- Exercise data
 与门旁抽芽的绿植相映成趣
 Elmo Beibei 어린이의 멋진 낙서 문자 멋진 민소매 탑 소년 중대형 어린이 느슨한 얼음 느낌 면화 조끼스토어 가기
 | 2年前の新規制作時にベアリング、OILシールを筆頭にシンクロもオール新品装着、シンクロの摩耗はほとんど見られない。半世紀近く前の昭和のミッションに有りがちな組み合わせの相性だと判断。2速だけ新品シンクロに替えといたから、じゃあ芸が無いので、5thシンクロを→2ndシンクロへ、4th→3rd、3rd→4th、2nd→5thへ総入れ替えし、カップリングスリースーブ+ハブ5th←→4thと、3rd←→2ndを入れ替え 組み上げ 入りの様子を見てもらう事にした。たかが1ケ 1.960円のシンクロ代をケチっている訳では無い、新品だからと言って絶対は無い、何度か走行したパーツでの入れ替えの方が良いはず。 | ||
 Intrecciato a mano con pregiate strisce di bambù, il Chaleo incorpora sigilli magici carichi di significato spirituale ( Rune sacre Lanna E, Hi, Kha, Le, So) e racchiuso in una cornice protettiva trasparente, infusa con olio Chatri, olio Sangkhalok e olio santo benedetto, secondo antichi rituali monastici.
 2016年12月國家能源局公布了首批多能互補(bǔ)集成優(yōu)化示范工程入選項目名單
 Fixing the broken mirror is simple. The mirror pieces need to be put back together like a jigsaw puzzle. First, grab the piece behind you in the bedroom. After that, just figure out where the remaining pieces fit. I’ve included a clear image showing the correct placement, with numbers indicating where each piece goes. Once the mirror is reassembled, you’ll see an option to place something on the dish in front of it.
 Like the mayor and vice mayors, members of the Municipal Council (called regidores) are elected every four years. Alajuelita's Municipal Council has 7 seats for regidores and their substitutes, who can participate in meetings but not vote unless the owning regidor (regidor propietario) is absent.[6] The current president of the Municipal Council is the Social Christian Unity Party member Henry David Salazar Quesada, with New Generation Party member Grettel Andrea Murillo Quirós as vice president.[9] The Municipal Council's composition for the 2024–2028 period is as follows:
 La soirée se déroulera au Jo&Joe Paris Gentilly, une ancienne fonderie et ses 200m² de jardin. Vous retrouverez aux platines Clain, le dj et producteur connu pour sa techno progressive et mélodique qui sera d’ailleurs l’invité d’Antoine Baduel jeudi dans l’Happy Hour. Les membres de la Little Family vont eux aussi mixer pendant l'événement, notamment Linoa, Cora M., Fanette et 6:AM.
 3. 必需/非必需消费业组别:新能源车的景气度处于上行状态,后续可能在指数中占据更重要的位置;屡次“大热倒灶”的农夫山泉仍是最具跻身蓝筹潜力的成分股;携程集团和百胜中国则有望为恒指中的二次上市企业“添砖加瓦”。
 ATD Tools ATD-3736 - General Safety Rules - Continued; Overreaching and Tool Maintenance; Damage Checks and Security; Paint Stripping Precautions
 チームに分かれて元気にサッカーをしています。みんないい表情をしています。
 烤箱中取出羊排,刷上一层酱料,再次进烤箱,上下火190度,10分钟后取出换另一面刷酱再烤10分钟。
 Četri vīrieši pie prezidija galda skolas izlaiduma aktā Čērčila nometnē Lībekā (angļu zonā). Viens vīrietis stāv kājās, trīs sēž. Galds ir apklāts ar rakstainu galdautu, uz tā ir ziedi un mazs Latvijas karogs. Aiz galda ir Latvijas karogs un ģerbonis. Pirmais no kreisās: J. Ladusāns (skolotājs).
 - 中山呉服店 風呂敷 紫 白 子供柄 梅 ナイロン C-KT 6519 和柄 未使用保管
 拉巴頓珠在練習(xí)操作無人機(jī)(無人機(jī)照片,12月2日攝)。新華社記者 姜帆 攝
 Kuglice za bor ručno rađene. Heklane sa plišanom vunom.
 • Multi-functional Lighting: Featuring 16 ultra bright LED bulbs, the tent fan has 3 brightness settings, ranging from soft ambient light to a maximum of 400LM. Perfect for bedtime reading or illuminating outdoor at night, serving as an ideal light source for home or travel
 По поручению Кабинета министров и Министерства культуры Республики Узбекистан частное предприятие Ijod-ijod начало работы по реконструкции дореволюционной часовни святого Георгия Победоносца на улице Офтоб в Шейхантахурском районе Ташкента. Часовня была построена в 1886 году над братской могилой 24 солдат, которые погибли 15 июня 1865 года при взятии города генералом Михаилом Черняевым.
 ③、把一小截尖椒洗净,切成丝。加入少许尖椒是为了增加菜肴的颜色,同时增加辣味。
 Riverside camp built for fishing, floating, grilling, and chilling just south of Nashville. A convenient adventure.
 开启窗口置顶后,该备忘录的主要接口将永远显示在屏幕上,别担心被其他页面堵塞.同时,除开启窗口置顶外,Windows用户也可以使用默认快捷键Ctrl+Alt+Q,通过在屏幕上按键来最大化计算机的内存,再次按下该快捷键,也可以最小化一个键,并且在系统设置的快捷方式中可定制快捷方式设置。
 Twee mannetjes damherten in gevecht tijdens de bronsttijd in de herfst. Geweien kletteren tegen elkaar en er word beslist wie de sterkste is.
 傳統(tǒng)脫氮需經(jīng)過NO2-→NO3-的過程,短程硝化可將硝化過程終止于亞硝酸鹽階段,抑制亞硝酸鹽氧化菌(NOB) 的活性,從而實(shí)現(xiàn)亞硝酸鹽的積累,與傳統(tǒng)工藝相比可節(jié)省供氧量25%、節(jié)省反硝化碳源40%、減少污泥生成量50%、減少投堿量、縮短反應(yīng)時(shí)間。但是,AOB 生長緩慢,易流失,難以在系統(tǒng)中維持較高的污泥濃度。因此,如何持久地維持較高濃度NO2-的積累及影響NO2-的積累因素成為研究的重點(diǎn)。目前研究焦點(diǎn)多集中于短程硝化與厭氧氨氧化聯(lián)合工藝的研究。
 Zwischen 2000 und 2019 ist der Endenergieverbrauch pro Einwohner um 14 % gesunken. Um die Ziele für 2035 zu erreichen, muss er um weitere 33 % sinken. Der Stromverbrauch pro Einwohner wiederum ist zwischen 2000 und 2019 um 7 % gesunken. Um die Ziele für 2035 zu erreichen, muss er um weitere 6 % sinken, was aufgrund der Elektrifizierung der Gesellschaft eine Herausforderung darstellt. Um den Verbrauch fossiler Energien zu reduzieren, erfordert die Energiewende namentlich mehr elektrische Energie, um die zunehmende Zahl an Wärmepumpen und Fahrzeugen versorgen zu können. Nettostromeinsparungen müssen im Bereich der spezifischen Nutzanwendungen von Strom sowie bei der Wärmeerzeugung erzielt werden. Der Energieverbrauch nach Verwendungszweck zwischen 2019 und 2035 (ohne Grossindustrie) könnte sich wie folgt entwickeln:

- Work to be completed
Return the listing above in full, character for character.

- Result
 与门旁抽芽的绿植相映成趣
 Elmo Beibei 어린이의 멋진 낙서 문자 멋진 민소매 탑 소년 중대형 어린이 느슨한 얼음 느낌 면화 조끼스토어 가기
 | 2年前の新規制作時にベアリング、OILシールを筆頭にシンクロもオール新品装着、シンクロの摩耗はほとんど見られない。半世紀近く前の昭和のミッションに有りがちな組み合わせの相性だと判断。2速だけ新品シンクロに替えといたから、じゃあ芸が無いので、5thシンクロを→2ndシンクロへ、4th→3rd、3rd→4th、2nd→5thへ総入れ替えし、カップリングスリースーブ+ハブ5th←→4thと、3rd←→2ndを入れ替え 組み上げ 入りの様子を見てもらう事にした。たかが1ケ 1.960円のシンクロ代をケチっている訳では無い、新品だからと言って絶対は無い、何度か走行したパーツでの入れ替えの方が良いはず。 | ||
 Intrecciato a mano con pregiate strisce di bambù, il Chaleo incorpora sigilli magici carichi di significato spirituale ( Rune sacre Lanna E, Hi, Kha, Le, So) e racchiuso in una cornice protettiva trasparente, infusa con olio Chatri, olio Sangkhalok e olio santo benedetto, secondo antichi rituali monastici.
 2016年12月國家能源局公布了首批多能互補(bǔ)集成優(yōu)化示范工程入選項目名單
 Fixing the broken mirror is simple. The mirror pieces need to be put back together like a jigsaw puzzle. First, grab the piece behind you in the bedroom. After that, just figure out where the remaining pieces fit. I’ve included a clear image showing the correct placement, with numbers indicating where each piece goes. Once the mirror is reassembled, you’ll see an option to place something on the dish in front of it.
 Like the mayor and vice mayors, members of the Municipal Council (called regidores) are elected every four years. Alajuelita's Municipal Council has 7 seats for regidores and their substitutes, who can participate in meetings but not vote unless the owning regidor (regidor propietario) is absent.[6] The current president of the Municipal Council is the Social Christian Unity Party member Henry David Salazar Quesada, with New Generation Party member Grettel Andrea Murillo Quirós as vice president.[9] The Municipal Council's composition for the 2024–2028 period is as follows:
 La soirée se déroulera au Jo&Joe Paris Gentilly, une ancienne fonderie et ses 200m² de jardin. Vous retrouverez aux platines Clain, le dj et producteur connu pour sa techno progressive et mélodique qui sera d’ailleurs l’invité d’Antoine Baduel jeudi dans l’Happy Hour. Les membres de la Little Family vont eux aussi mixer pendant l'événement, notamment Linoa, Cora M., Fanette et 6:AM.
 3. 必需/非必需消费业组别:新能源车的景气度处于上行状态,后续可能在指数中占据更重要的位置;屡次“大热倒灶”的农夫山泉仍是最具跻身蓝筹潜力的成分股;携程集团和百胜中国则有望为恒指中的二次上市企业“添砖加瓦”。
 ATD Tools ATD-3736 - General Safety Rules - Continued; Overreaching and Tool Maintenance; Damage Checks and Security; Paint Stripping Precautions
 チームに分かれて元気にサッカーをしています。みんないい表情をしています。
 烤箱中取出羊排,刷上一层酱料,再次进烤箱,上下火190度,10分钟后取出换另一面刷酱再烤10分钟。
 Četri vīrieši pie prezidija galda skolas izlaiduma aktā Čērčila nometnē Lībekā (angļu zonā). Viens vīrietis stāv kājās, trīs sēž. Galds ir apklāts ar rakstainu galdautu, uz tā ir ziedi un mazs Latvijas karogs. Aiz galda ir Latvijas karogs un ģerbonis. Pirmais no kreisās: J. Ladusāns (skolotājs).
 - 中山呉服店 風呂敷 紫 白 子供柄 梅 ナイロン C-KT 6519 和柄 未使用保管
 拉巴頓珠在練習(xí)操作無人機(jī)(無人機(jī)照片,12月2日攝)。新華社記者 姜帆 攝
 Kuglice za bor ručno rađene. Heklane sa plišanom vunom.
 • Multi-functional Lighting: Featuring 16 ultra bright LED bulbs, the tent fan has 3 brightness settings, ranging from soft ambient light to a maximum of 400LM. Perfect for bedtime reading or illuminating outdoor at night, serving as an ideal light source for home or travel
 По поручению Кабинета министров и Министерства культуры Республики Узбекистан частное предприятие Ijod-ijod начало работы по реконструкции дореволюционной часовни святого Георгия Победоносца на улице Офтоб в Шейхантахурском районе Ташкента. Часовня была построена в 1886 году над братской могилой 24 солдат, которые погибли 15 июня 1865 года при взятии города генералом Михаилом Черняевым.
 ③、把一小截尖椒洗净,切成丝。加入少许尖椒是为了增加菜肴的颜色,同时增加辣味。
 Riverside camp built for fishing, floating, grilling, and chilling just south of Nashville. A convenient adventure.
 开启窗口置顶后,该备忘录的主要接口将永远显示在屏幕上,别担心被其他页面堵塞.同时,除开启窗口置顶外,Windows用户也可以使用默认快捷键Ctrl+Alt+Q,通过在屏幕上按键来最大化计算机的内存,再次按下该快捷键,也可以最小化一个键,并且在系统设置的快捷方式中可定制快捷方式设置。
 Twee mannetjes damherten in gevecht tijdens de bronsttijd in de herfst. Geweien kletteren tegen elkaar en er word beslist wie de sterkste is.
 傳統(tǒng)脫氮需經(jīng)過NO2-→NO3-的過程,短程硝化可將硝化過程終止于亞硝酸鹽階段,抑制亞硝酸鹽氧化菌(NOB) 的活性,從而實(shí)現(xiàn)亞硝酸鹽的積累,與傳統(tǒng)工藝相比可節(jié)省供氧量25%、節(jié)省反硝化碳源40%、減少污泥生成量50%、減少投堿量、縮短反應(yīng)時(shí)間。但是,AOB 生長緩慢,易流失,難以在系統(tǒng)中維持較高的污泥濃度。因此,如何持久地維持較高濃度NO2-的積累及影響NO2-的積累因素成為研究的重點(diǎn)。目前研究焦點(diǎn)多集中于短程硝化與厭氧氨氧化聯(lián)合工藝的研究。
 Zwischen 2000 und 2019 ist der Endenergieverbrauch pro Einwohner um 14 % gesunken. Um die Ziele für 2035 zu erreichen, muss er um weitere 33 % sinken. Der Stromverbrauch pro Einwohner wiederum ist zwischen 2000 und 2019 um 7 % gesunken. Um die Ziele für 2035 zu erreichen, muss er um weitere 6 % sinken, was aufgrund der Elektrifizierung der Gesellschaft eine Herausforderung darstellt. Um den Verbrauch fossiler Energien zu reduzieren, erfordert die Energiewende namentlich mehr elektrische Energie, um die zunehmende Zahl an Wärmepumpen und Fahrzeugen versorgen zu können. Nettostromeinsparungen müssen im Bereich der spezifischen Nutzanwendungen von Strom sowie bei der Wärmeerzeugung erzielt werden. Der Energieverbrauch nach Verwendungszweck zwischen 2019 und 2035 (ohne Grossindustrie) könnte sich wie folgt entwickeln:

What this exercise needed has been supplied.